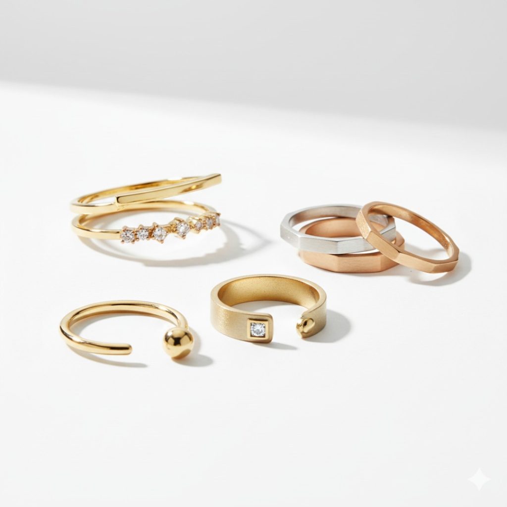 - The Trend: Open Rings (where the ends don’t meet), Hexagonal Bands, and Double-Finger Rings (a bar that goes across two fingers).
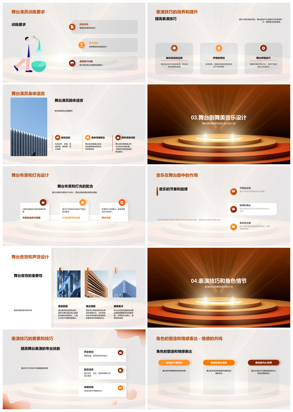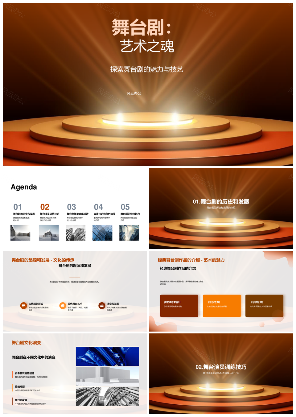 风云办公提供的舞台剧艺术源流演变与演员技艺传承PPT模板,下载格式为pptx,一共23页,作品中文字及图均可以修改和编辑,图片更改请在作品中右键图片并更换,文字修改请直接点击文字进行修改。
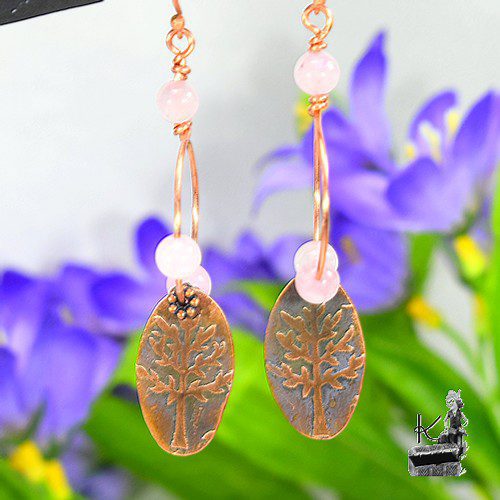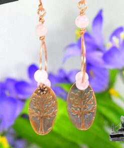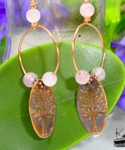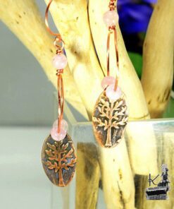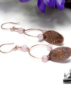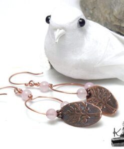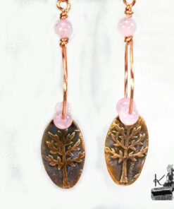 Boucles d’oreille entièrement faits main en cuivre électro-gravé en bain de sel avec des perles en quartz rose. Les attaches sont également en cuivre.
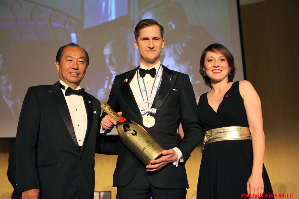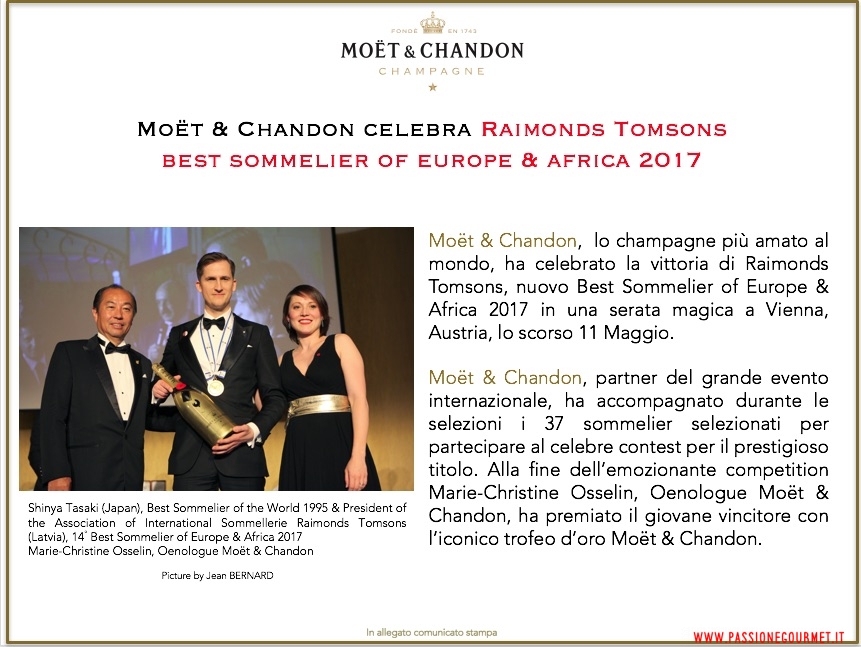 Vienna, 11 Maggio 2017. Un mare di Champagne e un trofeo d’oro firmato Moët & Chandon per celebrare Raimonds Tomsons, nuovo Best Sommelier of Europe & Africa 2017. Al termine di una nuova importante competizione, tra oltre 37 sommelier internazionali, l’ambito trofeo della Maison di Champagne ‘Moët & Chandon’ è stato assegnato al giovane vincitore originario della Lettonia (Latvia), da Shinya Tasaki (Japan – Best Sommelier of the World ’95) & Marie Christine Osselin (Oenologue Moët & Chandon)
-.-.-
Transcribe everything above exactly. Do not include the pictures.

 - The Trend: Open Rings (where the ends don’t meet), Hexagonal Bands, and Double-Finger Rings (a bar that goes across two fingers).
 风云办公提供的舞台剧艺术源流演变与演员技艺传承PPT模板,下载格式为pptx,一共23页,作品中文字及图均可以修改和编辑,图片更改请在作品中右键图片并更换,文字修改请直接点击文字进行修改。
 Boucles d’oreille entièrement faits main en cuivre électro-gravé en bain de sel avec des perles en quartz rose. Les attaches sont également en cuivre.
 Vienna, 11 Maggio 2017. Un mare di Champagne e un trofeo d’oro firmato Moët & Chandon per celebrare Raimonds Tomsons, nuovo Best Sommelier of Europe & Africa 2017. Al termine di una nuova importante competizione, tra oltre 37 sommelier internazionali, l’ambito trofeo della Maison di Champagne ‘Moët & Chandon’ è stato assegnato al giovane vincitore originario della Lettonia (Latvia), da Shinya Tasaki (Japan – Best Sommelier of the World ’95) & Marie Christine Osselin (Oenologue Moët & Chandon)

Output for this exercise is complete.